Sorgen brauchen einen Ort

Manchmal entstehen Ängste nicht aus dem, was geschieht, sondern daraus, dass Gedanken keinen Ort finden dürfen. Sie bleiben im Kopf, drehen sich weiter, werden größer – besonders dann, wenn es still wird. Viele Menschen kennen diesen Moment am Abend, wenn die Ablenkung des Tages endet und Sorgen plötzlich sehr präsent sind. Das ist bei Kindern natürlich nicht anders.
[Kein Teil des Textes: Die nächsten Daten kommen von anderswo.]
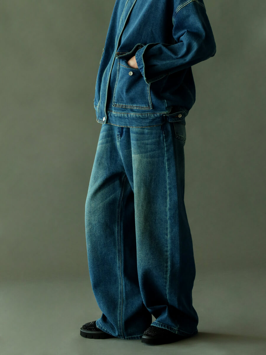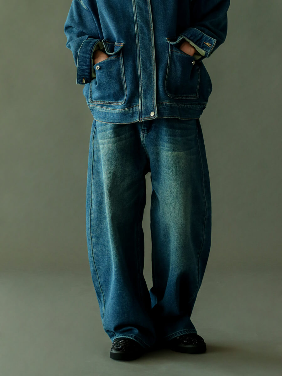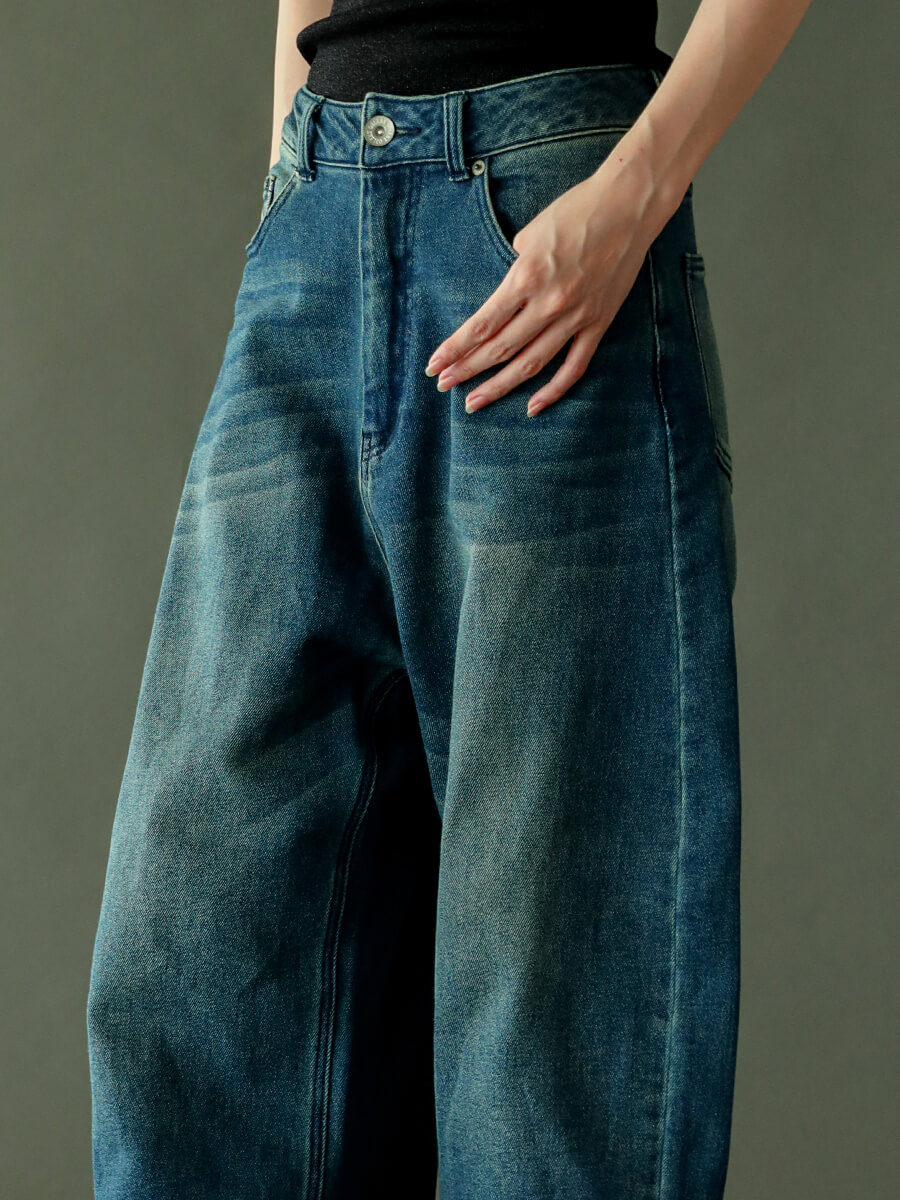 ヴィンテージ感のある色合いと、カーブラインが魅力のデニムパンツ。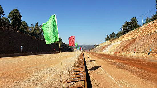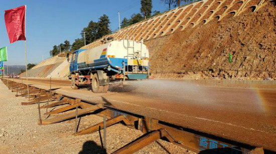 云南滇中新區(qū)機(jī)場(chǎng)北高速工程全長17.615千米,設(shè)計(jì)為雙向八車道高速公路,路面寬18.75米,設(shè)計(jì)速度100千米/小時(shí),計(jì)劃于2019年12月建成通車。該項(xiàng)目是中國鐵建大橋局西北公司在云南地區(qū)承建的首個(gè)路面項(xiàng)目,為了確保施工品質(zhì),項(xiàng)目部針對(duì)工程段零散、工期緊任務(wù)重、環(huán)保要求高等挑戰(zhàn),設(shè)定了“品質(zhì)高效、安全快速、控制成本”的建設(shè)目標(biāo)。

In Finnland gibt es eine einfache Gewohnheit, die „Sorgenstunde“ genannt wird. Sie ist kein kompliziertes Verfahren, sondern eine Zeit, in dem ein Kind alles erzählen darf, was es gerade bewegt. Zehn oder fünfzehn Minuten, meist am Abend vor dem Schlafengehen. Der Erwachsene hört einfach nur zu, er bewertet nicht, er greift nicht sofort beruhigend ein und sucht nicht nach Lösungen – er hört einfach nur zu.

Der vielleicht wichtigste Satz in dieser Zeit lautet:

„Danke, dass du mir das sagst.“

Allein dieser Satz verändert etwas. Sorgen müssen nicht mehr im eigenen Kopf festgehalten werden. Sie dürfen ausgesprochen werden und verlieren dadurch oft ein Stück ihrer Macht. Das Kind – und vielleicht auch der Erwachsene – erlebt: Gedanken kommen und gehen. Gefühle dürfen da sein, ohne das ganze Erleben zu bestimmen.

Vielleicht ist die Sorgenstunde deshalb weniger eine Methode als eine Haltung. Sie vermittelt: Alles darf gedacht und gefühlt werden, aber nichts muss uns vollständig bestimmen.

Vielleicht brauchen Sorgen nicht sofort Lösungen.

Vielleicht brauchen sie zuerst einen Ort.

Über Finnland wird berichtet, dass diese regelmäßige Sorgenstunde bei Kindern später bei Jugendlichen die Angststörungen um ca. 80 % reduziert.